Os prejuízos acumulados conjuntamente pelas empresas que operam os serviços de transporte público por ônibus urbano em todo o país e pelos poderes públicos concedentes já alcançam R$ 27,7 bilhões desde o início da pandemia, em março de 2020, decorrente da queda do número de passageiros e da obrigatoriedade de manutenção da oferta para garantir o distanciamento social no período. Essas perdas já causaram 397 movimentos grevistas, protestos e/ou manifestações que ocasionaram a interrupção da oferta de serviços, atingindo 108 sistemas de transporte público por ônibus, devido à dificuldades de caixa das empresas; além disso, 55 empresas operadoras foram obrigadas a suspender a prestação dos serviços ou encontram-se sob intervenção ou recuperação judicial até o momento.

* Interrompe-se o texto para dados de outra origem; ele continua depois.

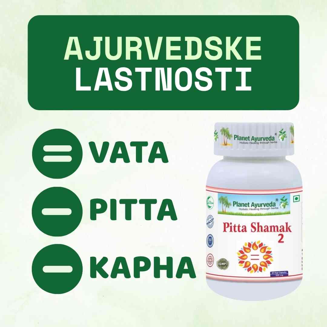 Ajurvedski pogled – Uravnoteženje doše pitta V ajurvedi doša pitta, sestavljena iz elementov ognja in vode, uravnava presnovo, prebavo in transformacijo v telesu. Dejavniki, kot so stres, vroče vreme ali pekoča hrana, lahko vodijo do njenega presežka. Formula Pitta Shamak uporablja tradicionalna zelišča s »hladilnimi« (Sheetal) lastnostmi za podporo ohranjanju naravnega ravnovesja pitte.

A crise também levou à adoção, por parte de prefeitos e governadores, de subsídios ou outras ações emergenciais para 124 sistemas de transporte, que atendem a 262 municípios, evitando assim a paralisação dos serviços nessas localidades. Mas, como não houve qualquer medida adotada nacionalmente pelo Governo Federal em resposta à crise dos transportes públicos, poucos municípios reuniram condições econômicas e políticas para aportar recursos para socorrer o setor. Poder público e empresas operadoras encontram-se, portanto, em situação crítica e vêm enfrentando desequilíbrios econômicos crescentes com os reajustes nos combustíveis.

A NTU reitera o alerta sobre os riscos de faltar ônibus para circular, caso os sucessivos aumentos de custos não sejam compensados de alguma forma. Os operadores não têm fôlego financeiro para enfrentar novos aumentos do diesel e serão obrigados a reduzir a oferta dos serviços, sob pena de falência generalizada. Restam, portanto, duas opções para os governos locais evitarem a ruptura nos serviços de transporte: ou repassam os aumentos para as tarifas que remuneram os operadores, conforme os contratos vigentes em cada local – o que prejudicará diretamente a parcela mais carente da população – ou subsidiam esse reajuste. As empresas de transporte coletivo urbano não são responsáveis por esses aumentos e não têm como arcar com esses custos.